In RL, the use of more front ARB and picking up more grip may in fact be two things? Could one be that the extra ARB is sharpening up corner entry by supporting the diagonal weight transfer better as you turn in. In which case there might be an argument for stiffer springs/bump damping? Or (circuit racing mainly I assume), could it be that the stiffer ARB is actually loading the tyre more, so is putting more heat into it - if that tyre was not working at the correct temperature before then it would appear that more front ARB is increasing front grip against all traditional beliefs? These examples could pehaps show that setting up a car just ain't that simple - there are so many factors in play (we have not even taked about brakes & diffs yet :P ).

Yes, P_G in RT the suspension slider will affect stiffness and ride height if the car builder has included alternative settings in the car.ini file (I am sure most will have done).

Probably for CDK to answer - bu any other takers?

How the heck does this happen?

I assume car is moving right-left across the frame (anti-clockwise on track). It appears to have opposite lock on, but the body roll!???!!!! :OMG:

I assume car is moving right-left across the frame (anti-clockwise on track). It appears to have opposite lock on, but the body roll!???!!!!

My guess is it has a lot to do with the crazy amounts of camber change that the wheels are exhibiting at full lock, massive positive camber on the outside, and massive negative on the inside.... The whole car leans as the front suspension flattens out like that...?

Also, a car that spends all of its time turning in only one direction is likely to have some amount of side-to-side disparity built in to its setup, i would guess....

-chris

I have been photo hunting and when static the car's don't seem to exhibit large amounts of tilt. Maybe there is some mechanical leverage when the suspension loads and/or when engine torque is applied to the axle.

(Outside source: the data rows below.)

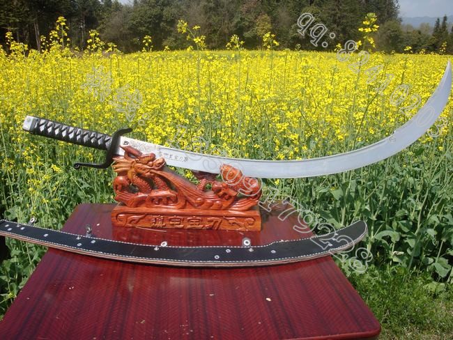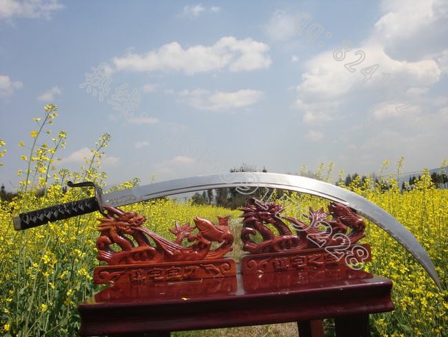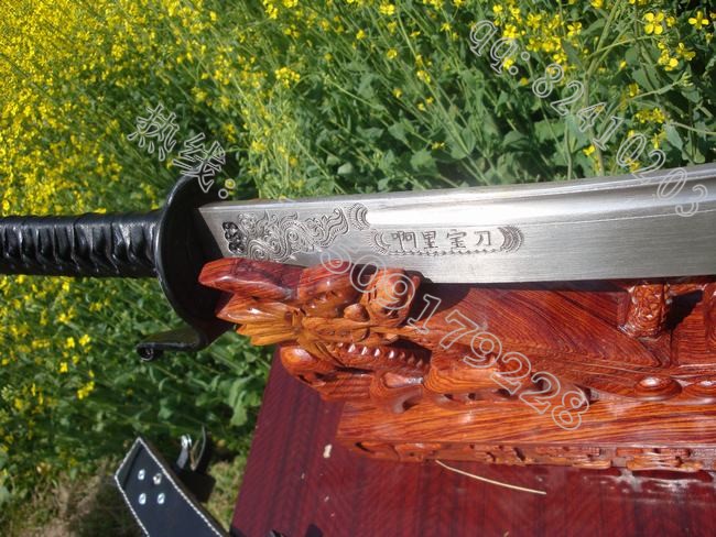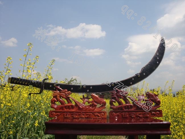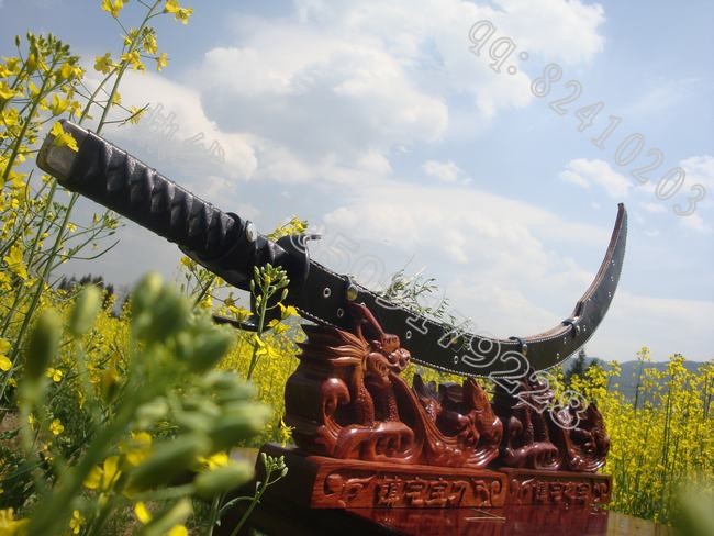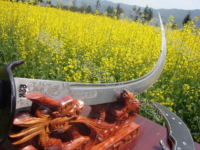 产品规格: 总长121厘米左右(其他数据暂时保密)产品介绍: 本站加强版波斯大弯刀与大家见面了!此刀原型来源于古代波斯,在当时战争中弯刀被大量运用,用这种刀型的刀去作战,威力强大,挥砍震动小,而且此刀型能对敌人产生很大的震慑的作用,刀一出鞘寒光闪闪,让敌人胆寒。!它的威力和外形已经被当地史书所记载。此刀由资深刀友提供样图及规格,是前面大弯刀的改进加强版,由我们中华手工刀网联合户撒名匠线乔发倾心打制而成,采用精选优质弹簧钢打造,刀条、刀型经名匠乔发仔细推敲并做了适当改造精心制作,同样在刀匠的挥汗如雨中,这把让人不寒而栗,威力超群的的极品波斯大弯刀出世了!此刀寒光闪闪,砍铁不伤,刀刃雕工细腻如丝,精雕龙凤栩栩如生,如果在古代这把刀的杀伤力是非常强的,刀柄纯钢和刀身是一体,结实异常,护手独家设计手工制成,再怎么挥砍也不会有任何意外!走过路过不要错过!收藏极品! (此刀应客户特殊要求因而不标出实体价格,和具体规格,如有喜欢的客户请来电咨询)
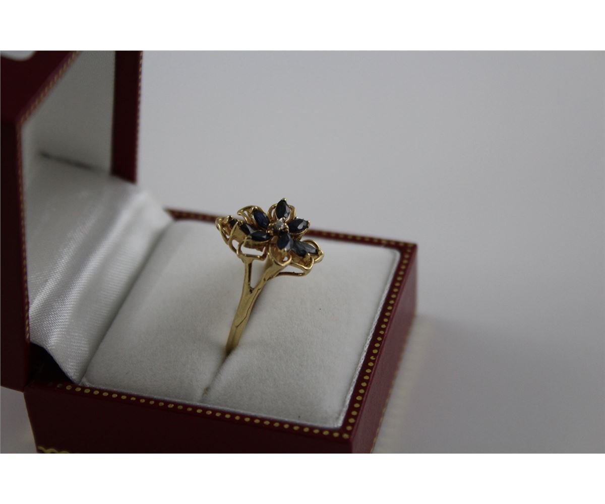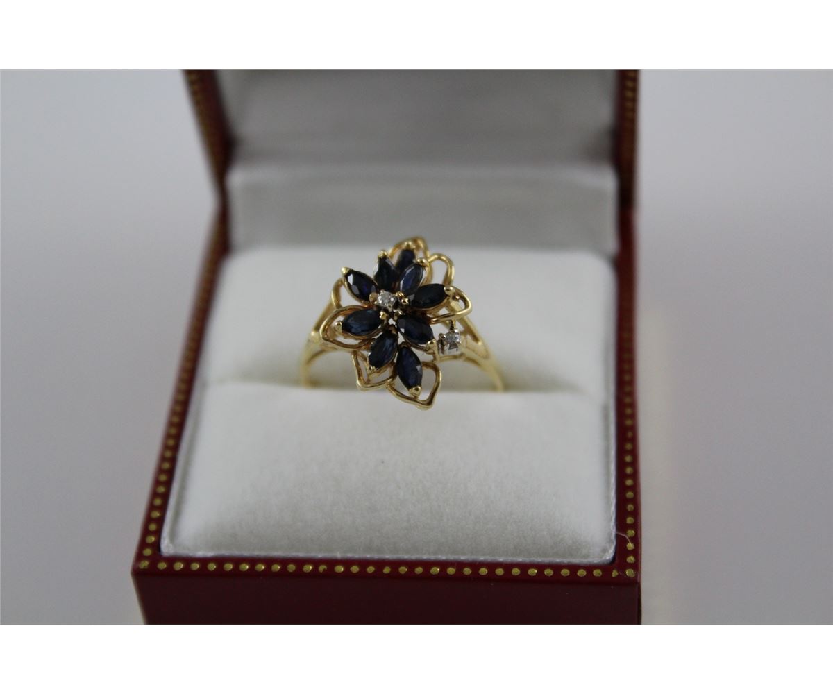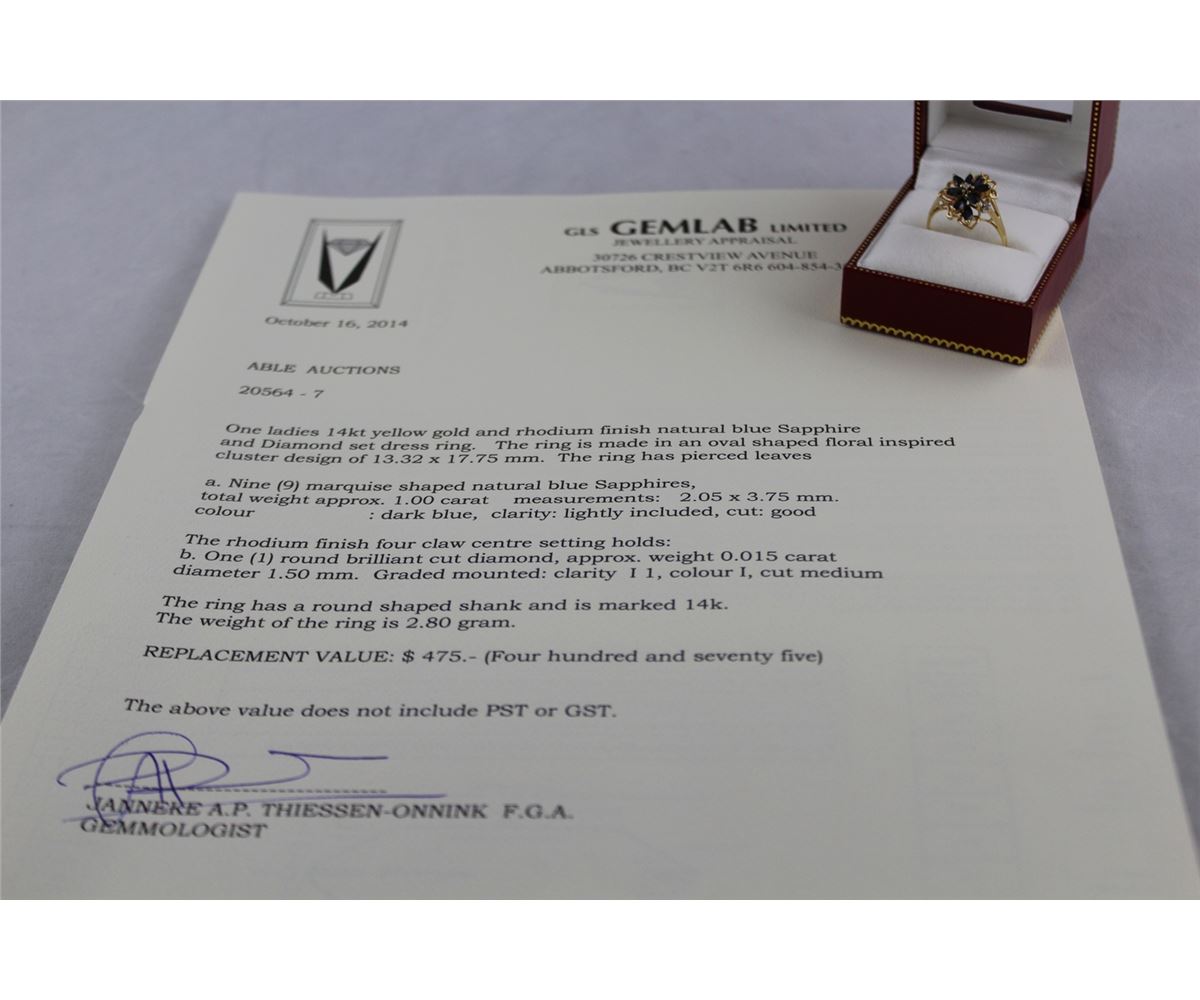 14KT YELLOW GOLD AND RHODIUM FINISH NATURAL BLUE SAPPHIRE SET WITH 9 MARQUISE SHAPED NATURAL BLUE SAPPHIRES APPROX. 1.00 CARATS AND 4 CLAW SET WITH 1 ROUND BRILLIANT CUT DIAMOND APPROX. 0.015 CARATS. REPLACEMENT VALUE:$475.00
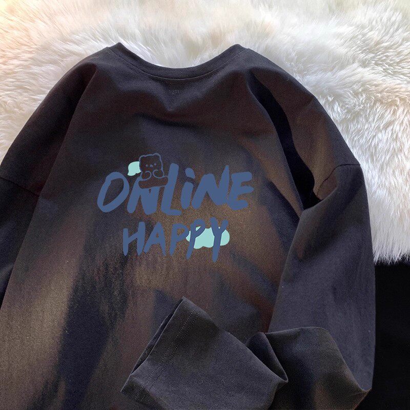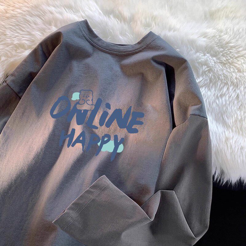 撤回外贸纯棉~秋季港风潮流宽松长袖男女款青少年透气打底衫t恤
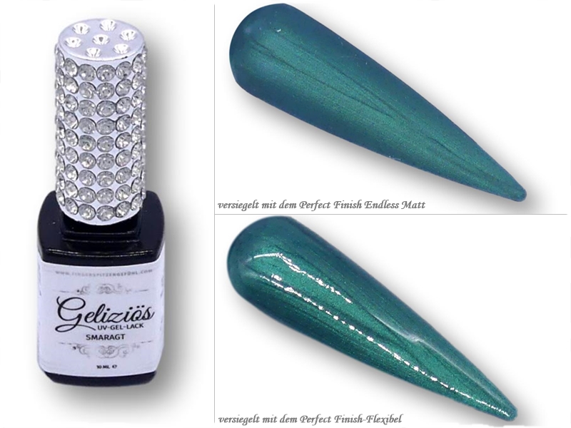 Lieferumfang: 10 ml UV-Lack "Geliziös" in schwarzer Flasche mit Glitzerdeckel + 1 Glasnugget.
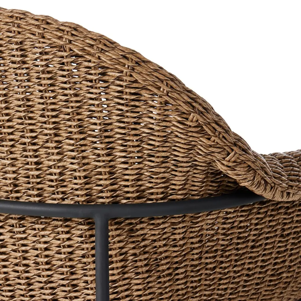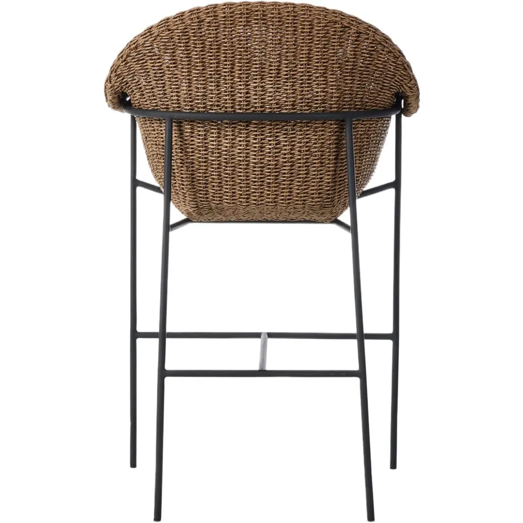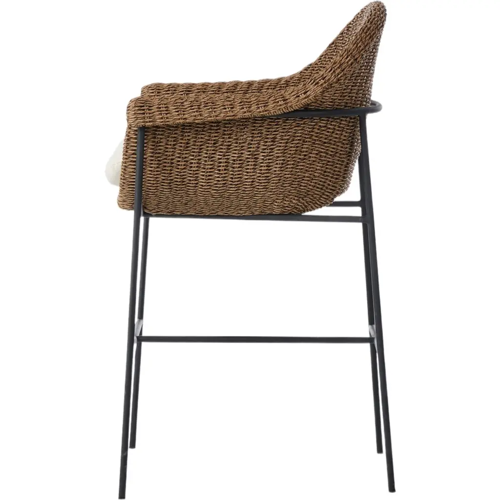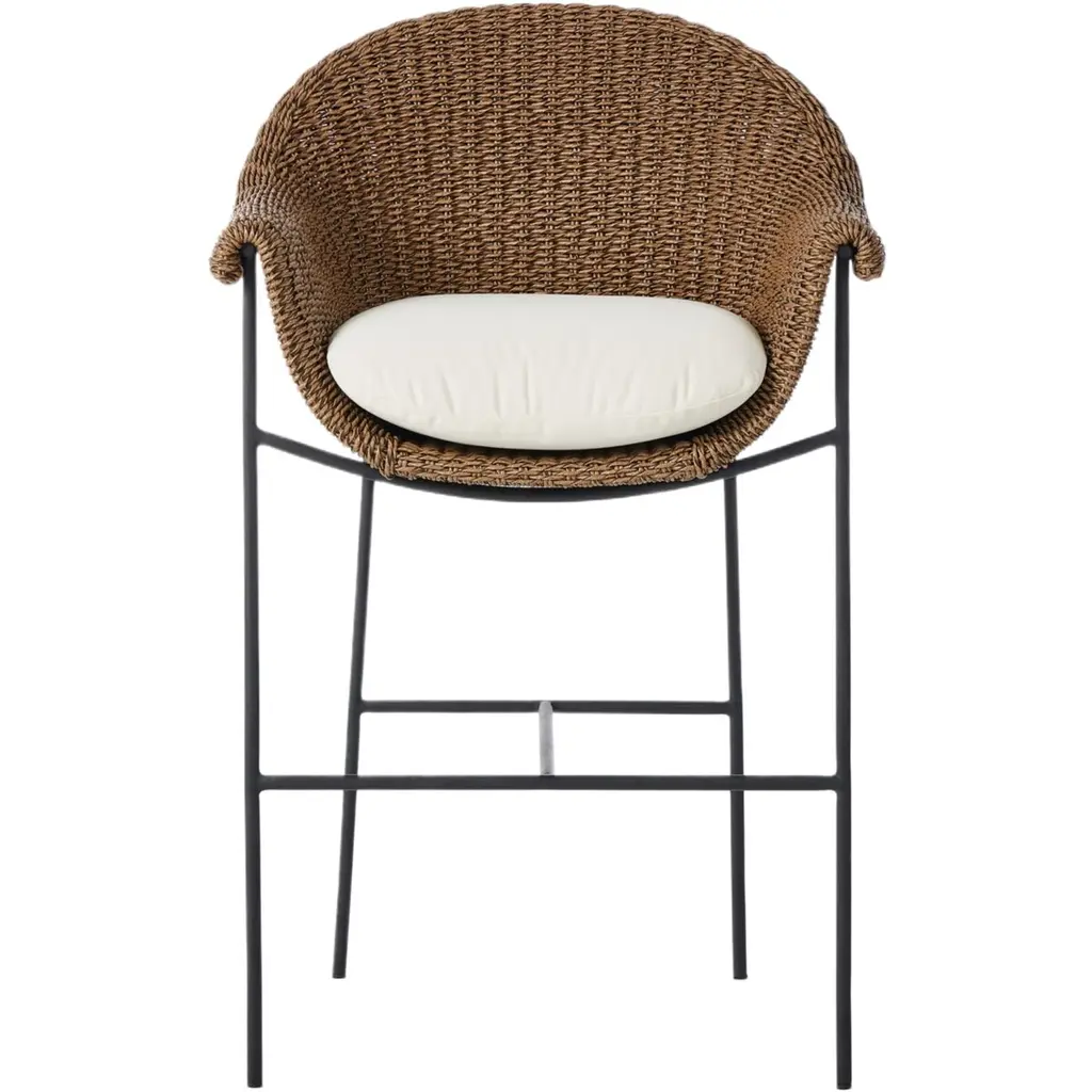 With a curvy silhouette and classic rolled arms, this outdoor bar stool features a woven frame that brings modern sensibility to a vintage-inspired design. An airy iron cradle base provides a beautiful balance of scale, complemented by a fully upholstered cushion for a comfortable sit. Ideal for outdoor settings, this bar stool should be covered or stored indoors during inclement weather and when not in use.
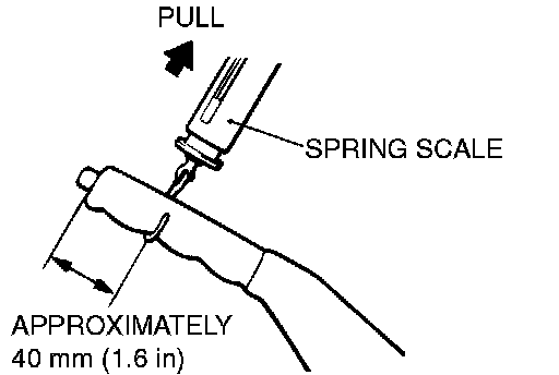 2. Hook a spring scale onto the center of the parking brake lever grip and pull it with a force of 98 - 147 N (22 - 33 pounds) in a direction perpendicular to the handle.

No mates-you overlooked one important thing-the spoiler and the spoiler flaps(the big square things ;) ) Those ones produce so much drag that they tilt the car so much-i have noticed that(less evident) on the first pictures John uploaded. And obviously it is OK that way as the big square things help the laptimes-otherwise they wouldnt be mounted on the car anyway.
How they help-my theory:
1: naturally more grip to the inner wheels
2: Bigger drift angles possible and less opposite lock necesary.
3: Easier to catch slides and sustain them.

Of course for that to work the speeds need to be high, but at average 120-140mph i cant see any obstacles.

BTW: Roger-i think that it could be simulated ;)

Cheers PG :P

I have read that the assymetric wing end-plates do indeed contribute to car control. The drivers are able to "lean" on them in corners. It is a monster amount of energy if the wing plates are indeed making the car lean like that - but look at the bracing struts - if the plates were doing nothing they would not need the huge amount of support they are being given.